The best chunking strategy for RAG with large documents involves moving beyond arbitrary fixed-size token splits toward a structural or semantic approach, such as DOM Graph RAG or componentized content. Instead of treating documents as flat blobs of text, this method leverages the Document Object Model (DOM) to capture the document’s inherent hierarchy—including headings, tables, and lists—to preserve vital context and relationships. By breaking content into meaningful, structured components rather than random chunks, organizations can ensure that the retrieval process maintains the semantic integrity of the information, enabling more accurate multi-hop reasoning and significantly reducing hallucinations in complex or domain-specific environments.

To connect a knowledge graph to Elasticsearch for semantic retrieval, you typically use a specialized connector—such as the GraphDB Elasticsearch Connector—to synchronize RDF data into Elasticsearch indices at the entity level. This process involves mapping RDF property chains to Elasticsearch fields via SPARQL configuration, allowing the graph's structured relationships to be indexed alongside full-text content. For true semantic retrieval, you can leverage vector search by integrating an embedding model within the connector, which transforms graph entities into vector representations stored in Elasticsearch for similarity-based discovery. Once connected, you can perform hybrid queries that combine Elasticsearch's high-speed faceted search and vector similarity with the knowledge graph's complex reasoning capabilities through SPARQL, ensuring that retrieval is both contextually aware and semantically precise.

AI systems hallucinate when documents are too long primarily because of their probabilistic nature and the limitations of their context windows, which cause them to lose track of nuanced information in "lengthy interactions." When documents exceed a model's effective processing range, the system may fail to distinguish between relevant and irrelevant details, leading it to fill information gaps with statistical "guesses" or fabrications that sound plausible but lack factual grounding. This problem is often exacerbated by standard retrieval-augmented generation (RAG) methods that break long documents into arbitrary text chunks; this fragmentation strips away the structural and relational context necessary for the AI to understand the document as a whole, resulting in "context rot" where the model relies on patterns rather than verified facts.

RDF (Resource Description Framework) is a W3C-standardized graph data model that represents information as "triples"—structured statements consisting of a subject, predicate, and object.
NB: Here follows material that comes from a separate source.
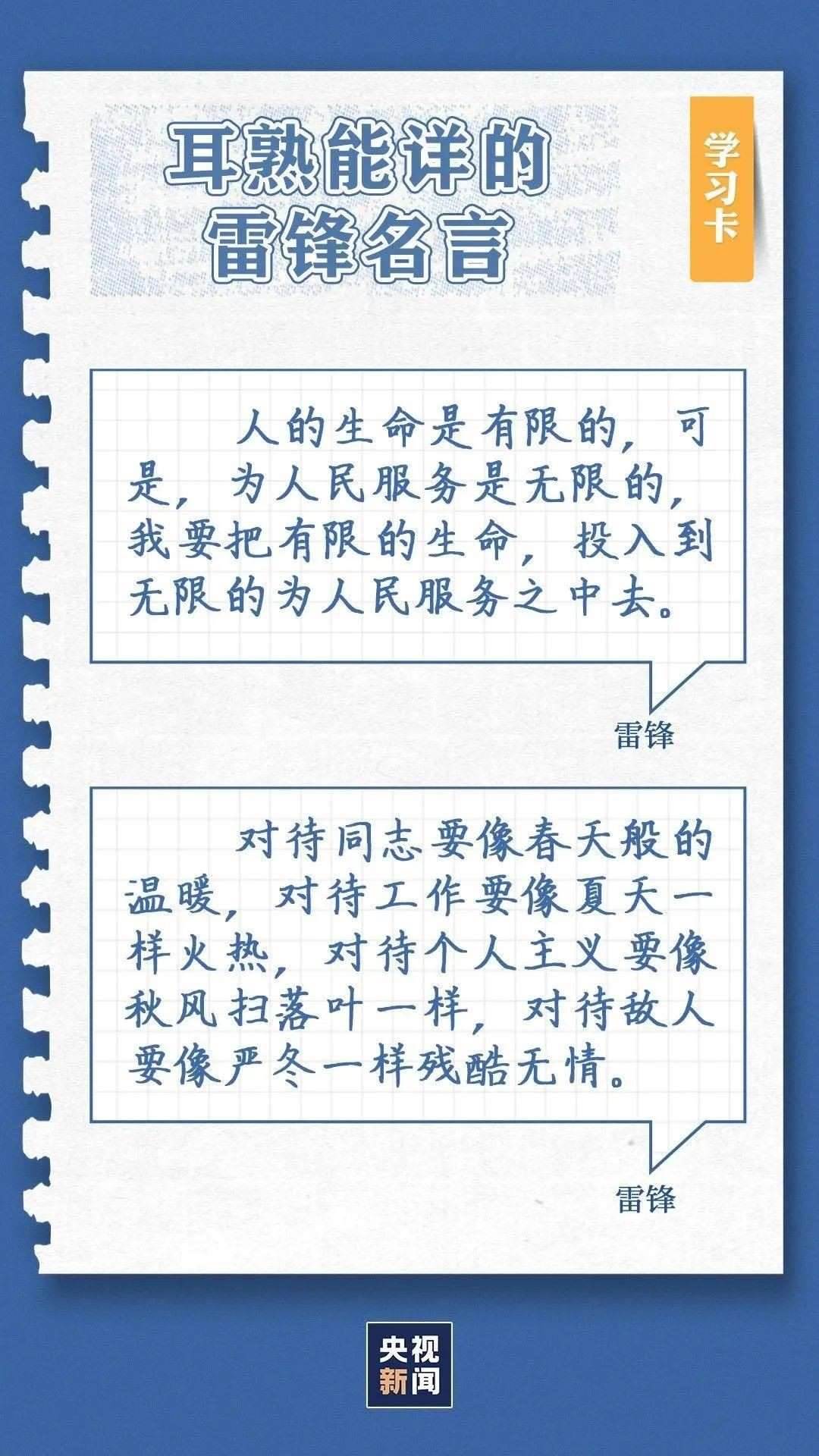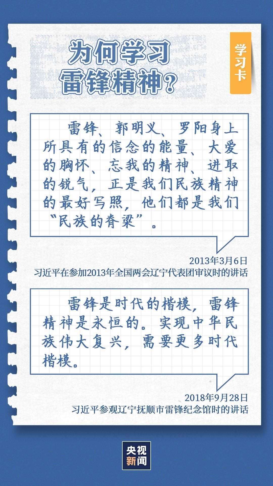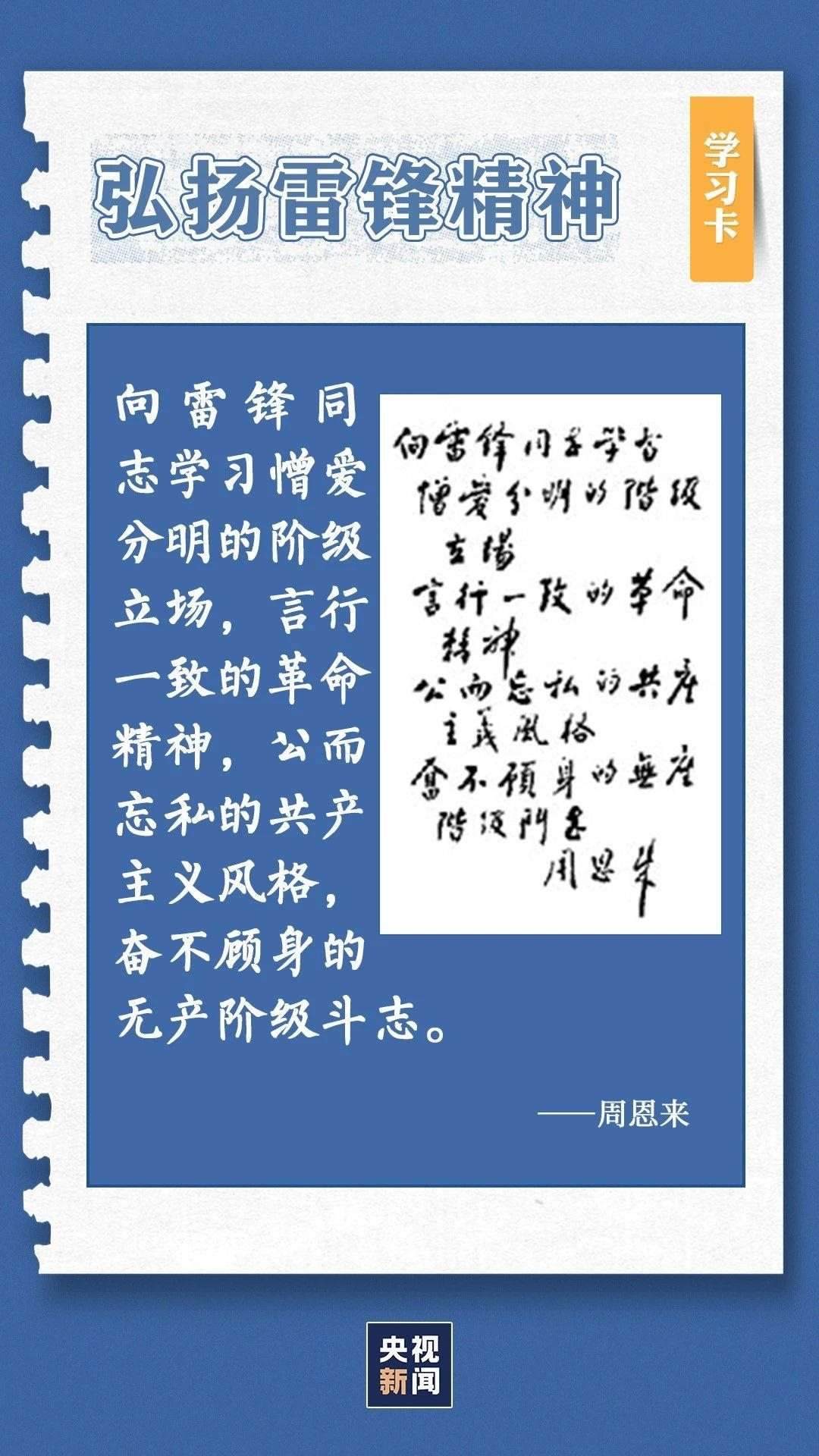 中共中央總書記、國(guó)家主席、中央軍委主席習(xí)近平近日作出重要指示指出,今年是毛澤東等老一輩革命家為雷鋒同志題詞60周年。60年來,學(xué)雷鋒活動(dòng)在全國(guó)持續(xù)深入開展,雷鋒的名字家喻戶曉,雷鋒的事跡深入人心,雷鋒精神滋養(yǎng)著一代代中華兒女的心靈。實(shí)踐證明,無(wú)論時(shí)代如何變遷,雷鋒精神永不過時(shí)。在新時(shí)代新征程上,如何弘揚(yáng)雷鋒精神?點(diǎn)擊學(xué)習(xí)卡↓

This framework provides the foundational structure for modern knowledge graphs, enabling disparate data sources to be integrated into a machine-readable network of interlinked concepts with formal semantics. In AI knowledge retrieval, specifically for systems like Retrieval-Augmented Generation (RAG), RDF-based knowledge graphs serve as a deterministic "ground truth" that complements probabilistic methods like vector search. By leveraging the explicit relationships and automated reasoning capabilities inherent in RDF, AI systems can retrieve highly precise, semantically accurate context, which improves the reliability and explainability of generated responses.